[[ INPUT RECORDS, beginning ]]

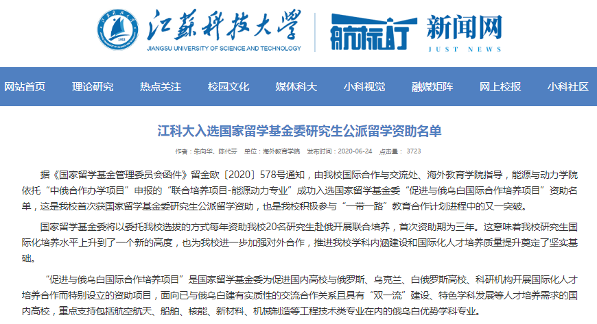 2020年“联合培养项目-能源动力专业”成功入选国家留学基金委研究生公派留学资助名单,国家留学基金委以委托我校选拔推荐的方式每年资助我校20名研究生赴俄开展研究生联合培养,首次资助期三年。
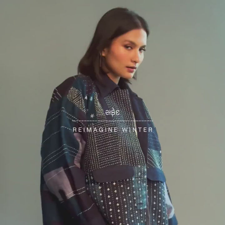 Patchwork Linen Kantha Oversized Jacket
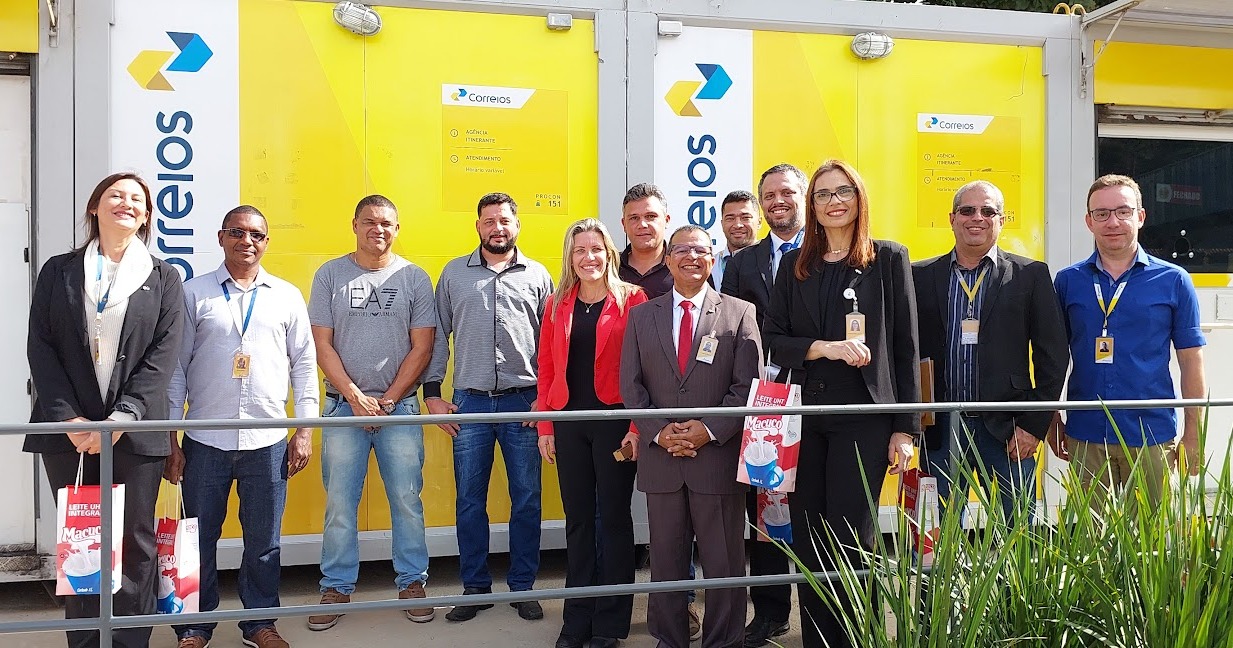Prefeita Michelle Bianchini, secretário João Vitor Pontes e vereadores Alberto Herdy e Bruno Miranda posam ao lado da equipe dos Correios
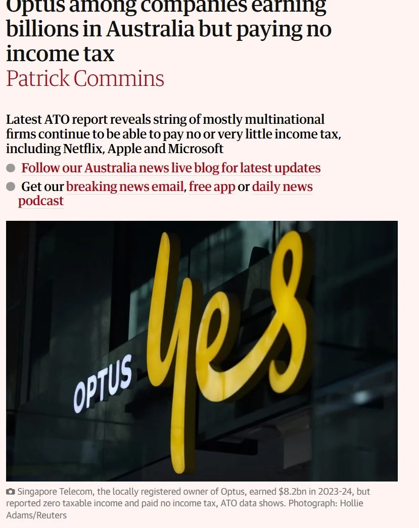 Optus among companies earning billions in Australia but paying no income tax
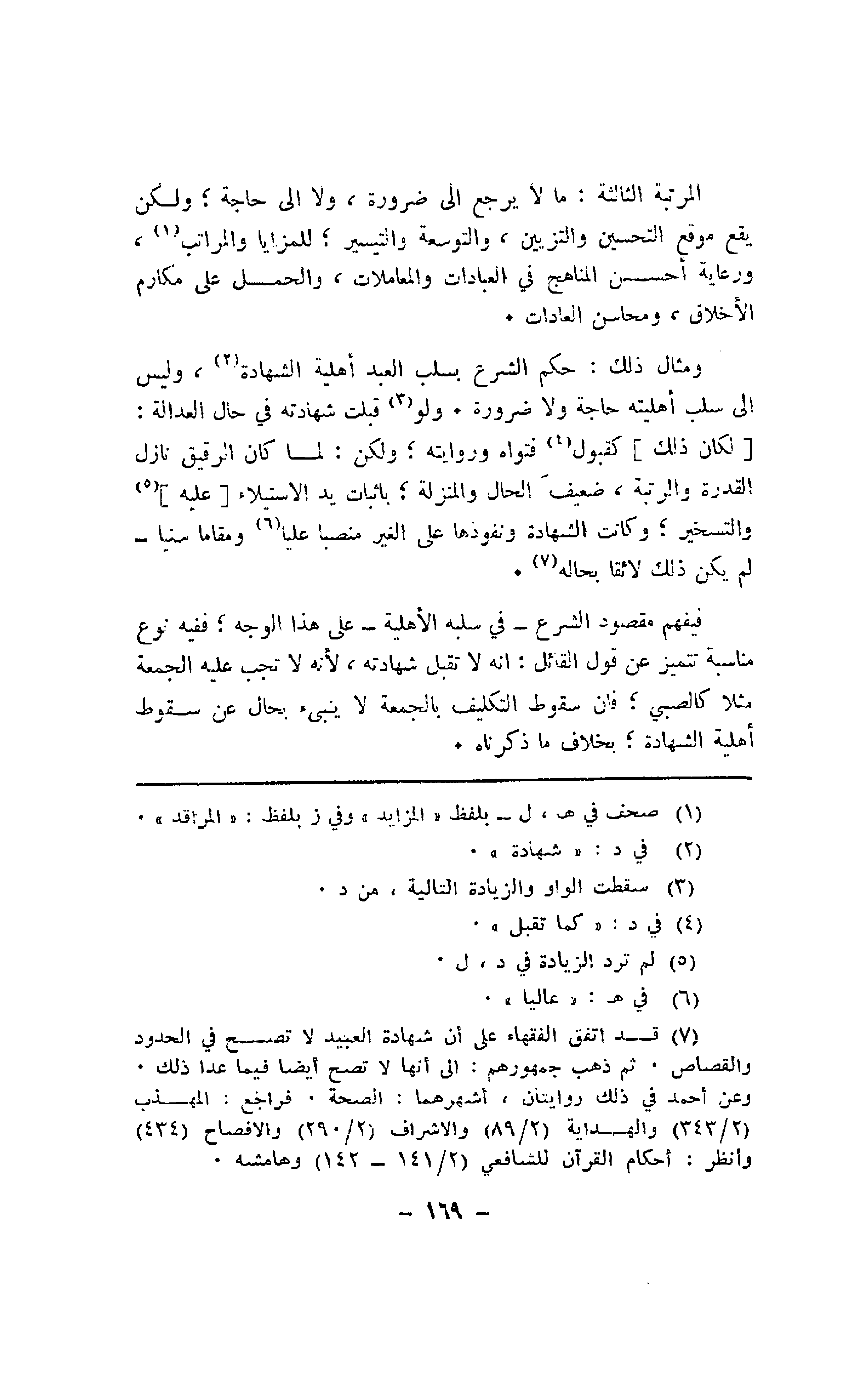 ومثال ذلك: حكم الشرع بسلب العبد أهلية الشهادة، وليس إلى سلب أهليته حاجة ولا ضرورة. ولو قبلت شهادته في حال العدالة: [لكان ذلك] كقبول فتواه وروايته؛ ولكن: لما كان الرقيق نازل القدرة والرتبة، ضعيف الحال والمنزلة؛ بإثبات يد الاستيلاء [عليه] والتسخير؛ وكانت الشهادة ونفوذها على الغير منصبا عليا ومقاما سنيا- لم يكن ذلك لائقا بحاله.
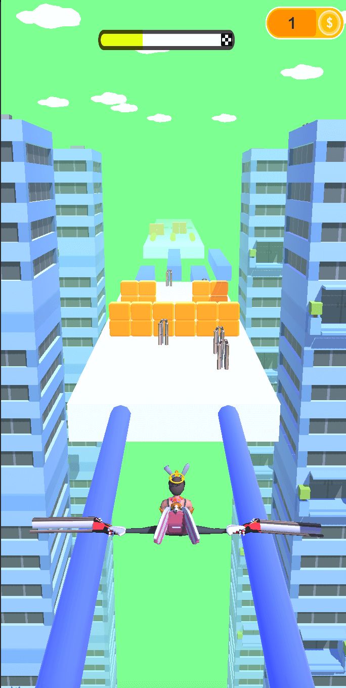 Different obstacles await you at each level! There are rails where you have to spread your legs and slide.
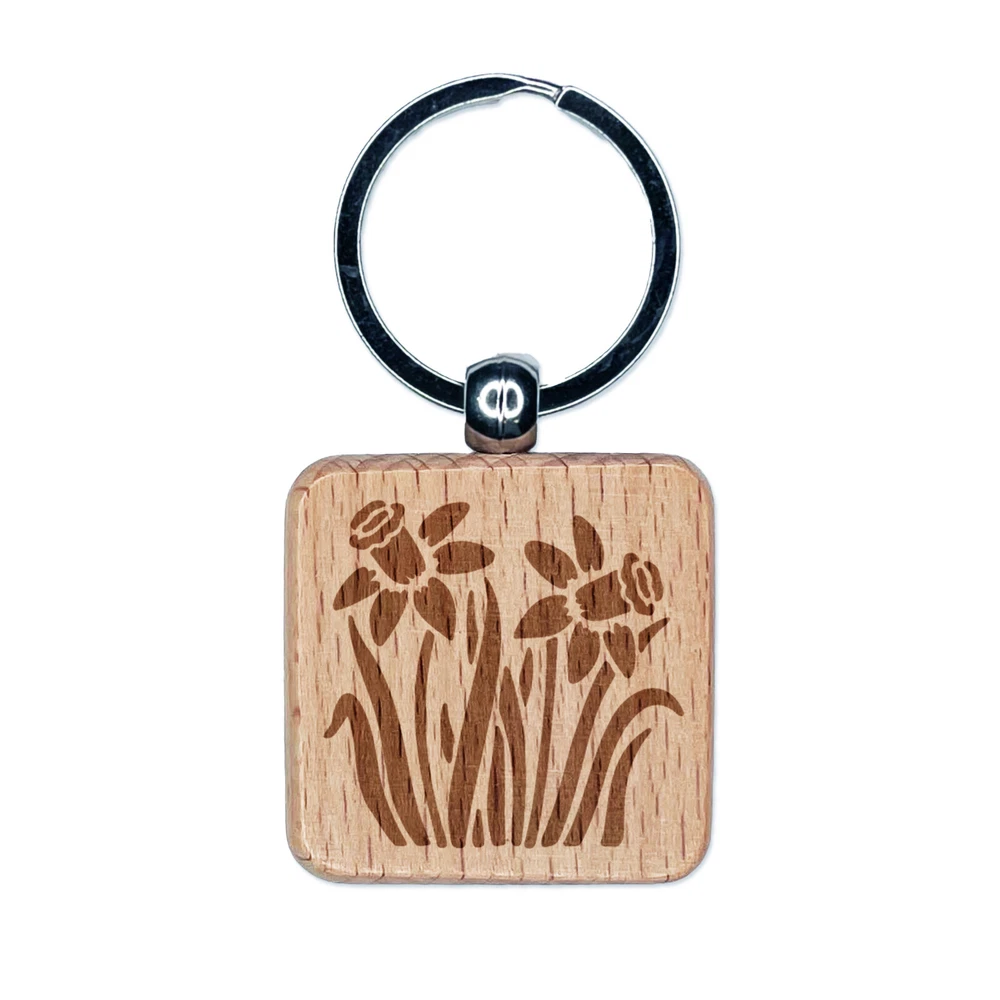 Daffodil Flowers Engraved Wood Square Keychain Tag Charm
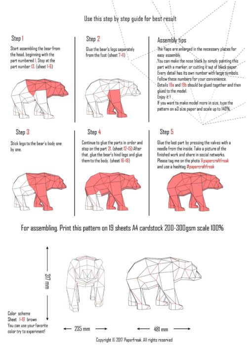 Caractéristiques techniques du papercraft ours en marche en origami 3D

[[ INPUT RECORDS, end ]]

### WHAT NEEDS TO BE DONE
Write out exactly the lines from the line that contains "Daffodil Flowers Engraved" to the last line of the material above, both included; pictures do not belong in the copy.

### RESPONSE BOX
 Daffodil Flowers Engraved Wood Square Keychain Tag Charm
 Caractéristiques techniques du papercraft ours en marche en origami 3D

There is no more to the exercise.